Records from a dataset:
== Segment start ==

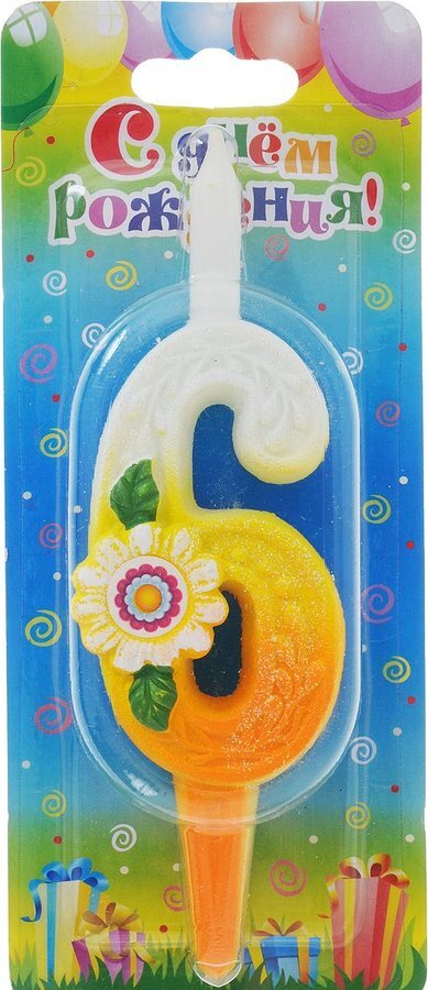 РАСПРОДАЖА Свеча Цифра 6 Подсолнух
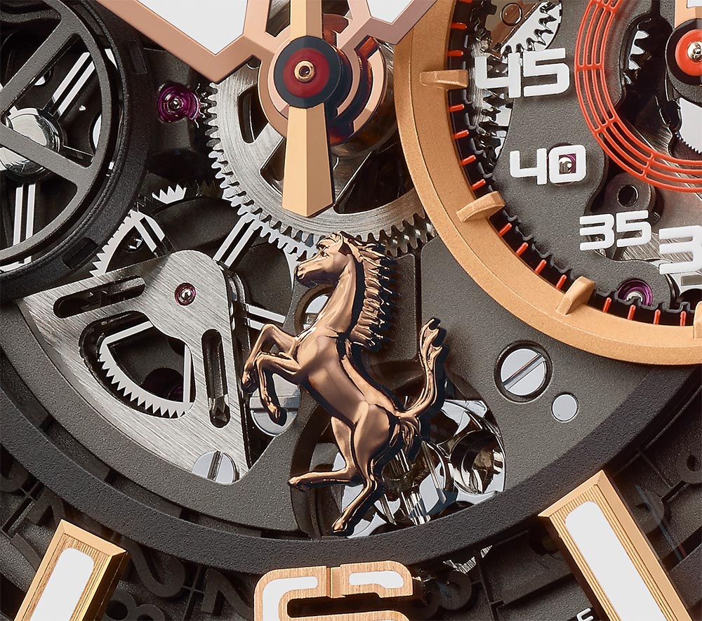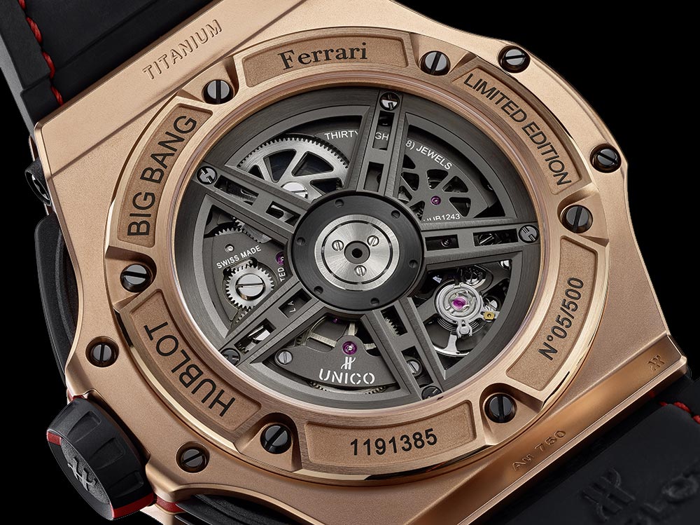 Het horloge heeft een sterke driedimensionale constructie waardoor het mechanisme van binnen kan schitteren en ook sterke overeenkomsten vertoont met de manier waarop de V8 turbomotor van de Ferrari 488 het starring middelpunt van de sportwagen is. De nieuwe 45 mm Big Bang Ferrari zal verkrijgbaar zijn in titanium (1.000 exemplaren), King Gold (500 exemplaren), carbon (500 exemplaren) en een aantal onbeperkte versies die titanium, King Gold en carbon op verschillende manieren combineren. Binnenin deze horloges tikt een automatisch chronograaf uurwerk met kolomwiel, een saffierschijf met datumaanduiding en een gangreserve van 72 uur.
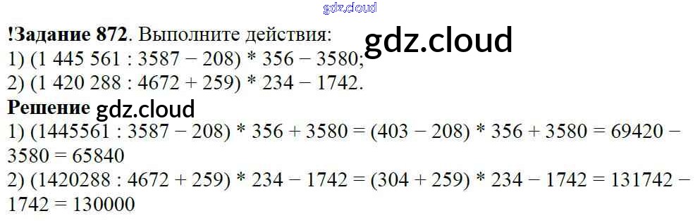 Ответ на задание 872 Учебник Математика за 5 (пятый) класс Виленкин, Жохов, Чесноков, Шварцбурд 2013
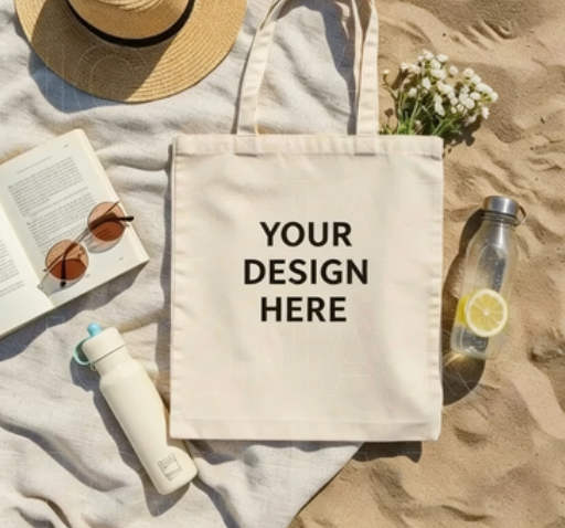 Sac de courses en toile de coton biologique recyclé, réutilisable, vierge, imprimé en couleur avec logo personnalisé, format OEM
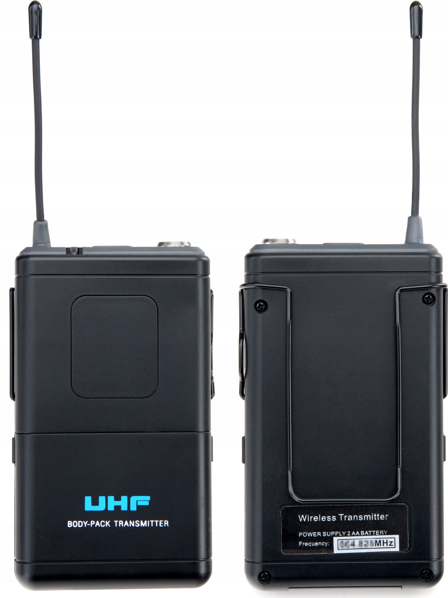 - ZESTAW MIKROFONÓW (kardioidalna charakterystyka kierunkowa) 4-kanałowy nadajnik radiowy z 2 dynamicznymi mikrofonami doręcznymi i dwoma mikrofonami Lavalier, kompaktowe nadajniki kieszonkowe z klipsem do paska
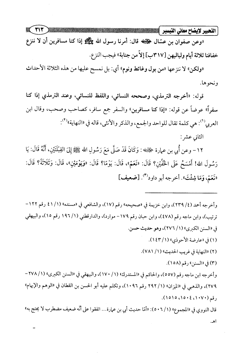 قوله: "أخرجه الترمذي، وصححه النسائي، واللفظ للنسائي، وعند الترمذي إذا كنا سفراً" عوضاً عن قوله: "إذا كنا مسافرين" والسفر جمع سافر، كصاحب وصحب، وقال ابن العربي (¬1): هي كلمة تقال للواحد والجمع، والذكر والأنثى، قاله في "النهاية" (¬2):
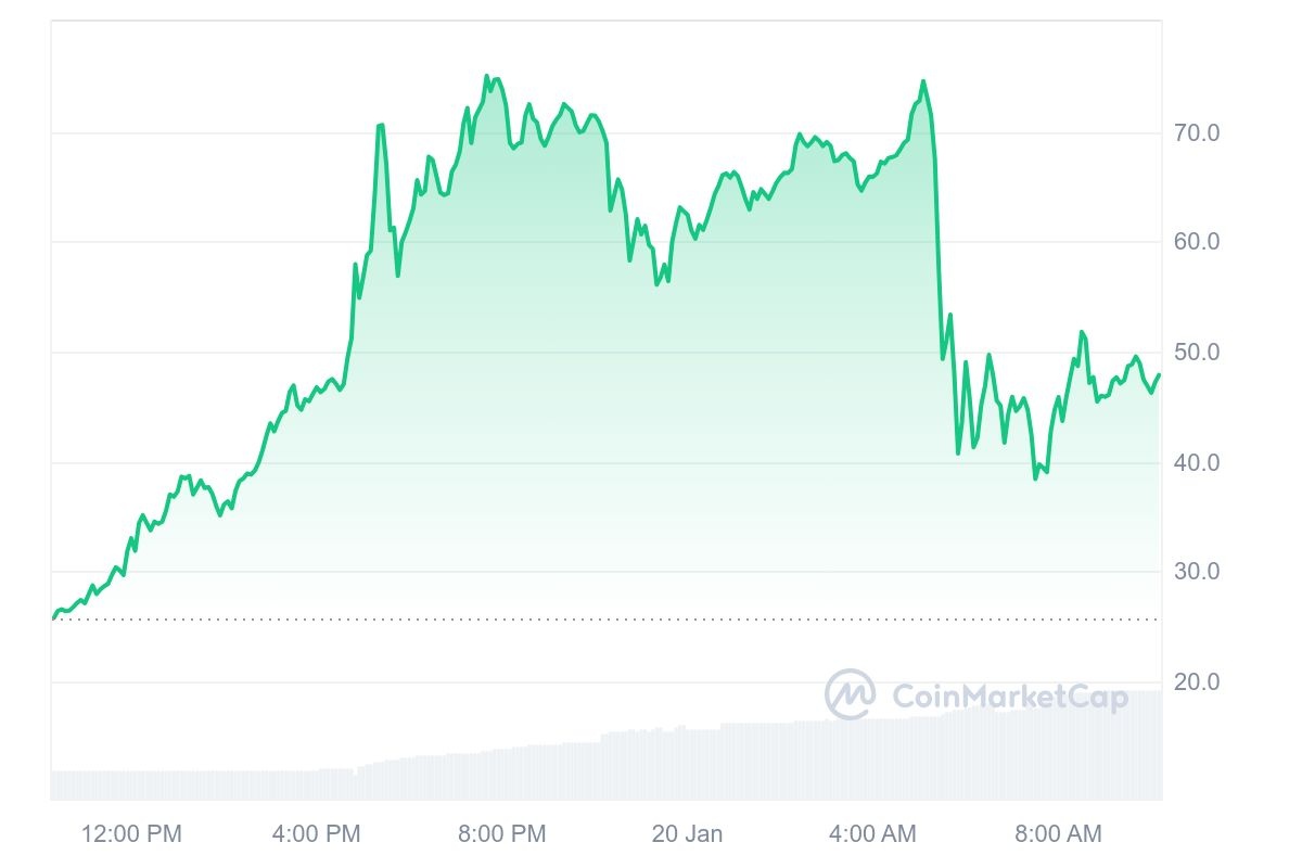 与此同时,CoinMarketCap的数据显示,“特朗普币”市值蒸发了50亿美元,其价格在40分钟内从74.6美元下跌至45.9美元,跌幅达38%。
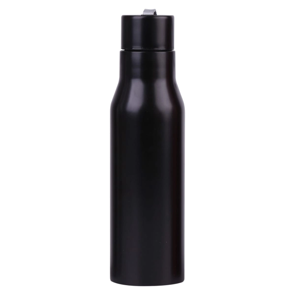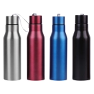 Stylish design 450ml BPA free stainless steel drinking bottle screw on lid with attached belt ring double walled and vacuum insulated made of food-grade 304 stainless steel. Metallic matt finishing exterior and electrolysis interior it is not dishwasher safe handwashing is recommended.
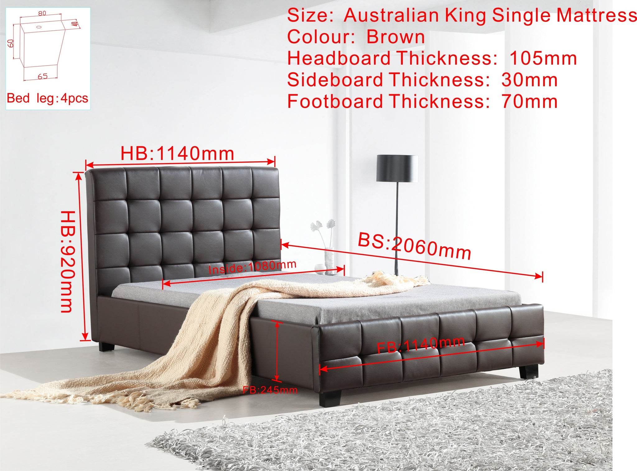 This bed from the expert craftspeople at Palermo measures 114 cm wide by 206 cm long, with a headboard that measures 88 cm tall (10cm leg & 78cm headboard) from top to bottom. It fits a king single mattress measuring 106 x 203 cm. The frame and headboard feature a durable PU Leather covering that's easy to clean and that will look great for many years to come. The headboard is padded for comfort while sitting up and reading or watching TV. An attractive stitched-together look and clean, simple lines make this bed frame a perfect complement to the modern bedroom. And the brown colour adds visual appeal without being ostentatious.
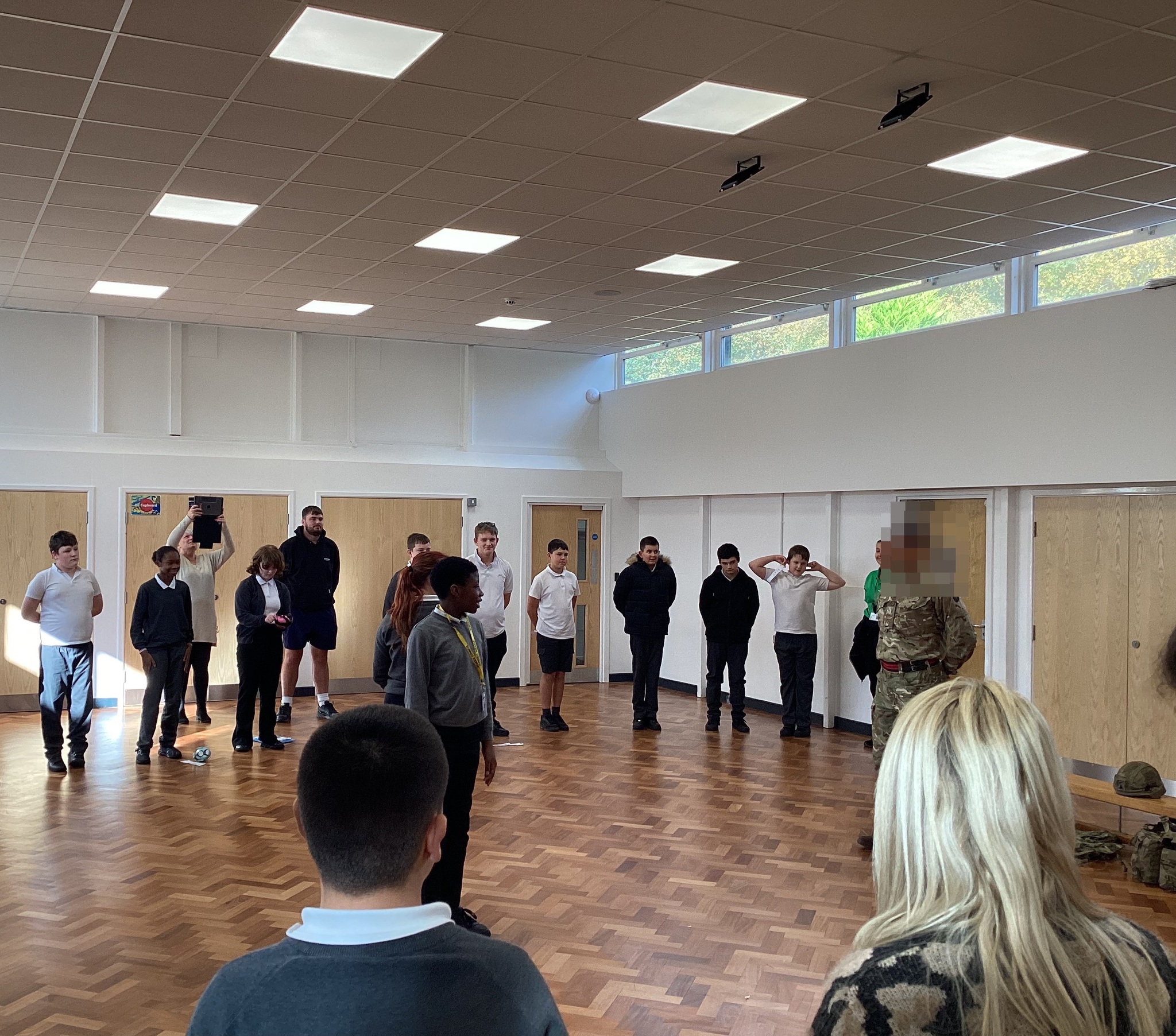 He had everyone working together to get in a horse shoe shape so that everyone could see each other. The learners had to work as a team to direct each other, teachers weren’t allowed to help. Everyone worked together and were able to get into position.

== Segment end ==

HOW TO COMPLETE THIS TASK:
Restate the data word for word from its first line through the line with "与此同时,CoinMarke", leaving out any picture along the way.

SOLVED EXERCISE:
 РАСПРОДАЖА Свеча Цифра 6 Подсолнух
 Het horloge heeft een sterke driedimensionale constructie waardoor het mechanisme van binnen kan schitteren en ook sterke overeenkomsten vertoont met de manier waarop de V8 turbomotor van de Ferrari 488 het starring middelpunt van de sportwagen is. De nieuwe 45 mm Big Bang Ferrari zal verkrijgbaar zijn in titanium (1.000 exemplaren), King Gold (500 exemplaren), carbon (500 exemplaren) en een aantal onbeperkte versies die titanium, King Gold en carbon op verschillende manieren combineren. Binnenin deze horloges tikt een automatisch chronograaf uurwerk met kolomwiel, een saffierschijf met datumaanduiding en een gangreserve van 72 uur.
 Ответ на задание 872 Учебник Математика за 5 (пятый) класс Виленкин, Жохов, Чесноков, Шварцбурд 2013
 Sac de courses en toile de coton biologique recyclé, réutilisable, vierge, imprimé en couleur avec logo personnalisé, format OEM
 - ZESTAW MIKROFONÓW (kardioidalna charakterystyka kierunkowa) 4-kanałowy nadajnik radiowy z 2 dynamicznymi mikrofonami doręcznymi i dwoma mikrofonami Lavalier, kompaktowe nadajniki kieszonkowe z klipsem do paska
 قوله: "أخرجه الترمذي، وصححه النسائي، واللفظ للنسائي، وعند الترمذي إذا كنا سفراً" عوضاً عن قوله: "إذا كنا مسافرين" والسفر جمع سافر، كصاحب وصحب، وقال ابن العربي (¬1): هي كلمة تقال للواحد والجمع، والذكر والأنثى، قاله في "النهاية" (¬2):
 与此同时,CoinMarketCap的数据显示,“特朗普币”市值蒸发了50亿美元,其价格在40分钟内从74.6美元下跌至45.9美元,跌幅达38%。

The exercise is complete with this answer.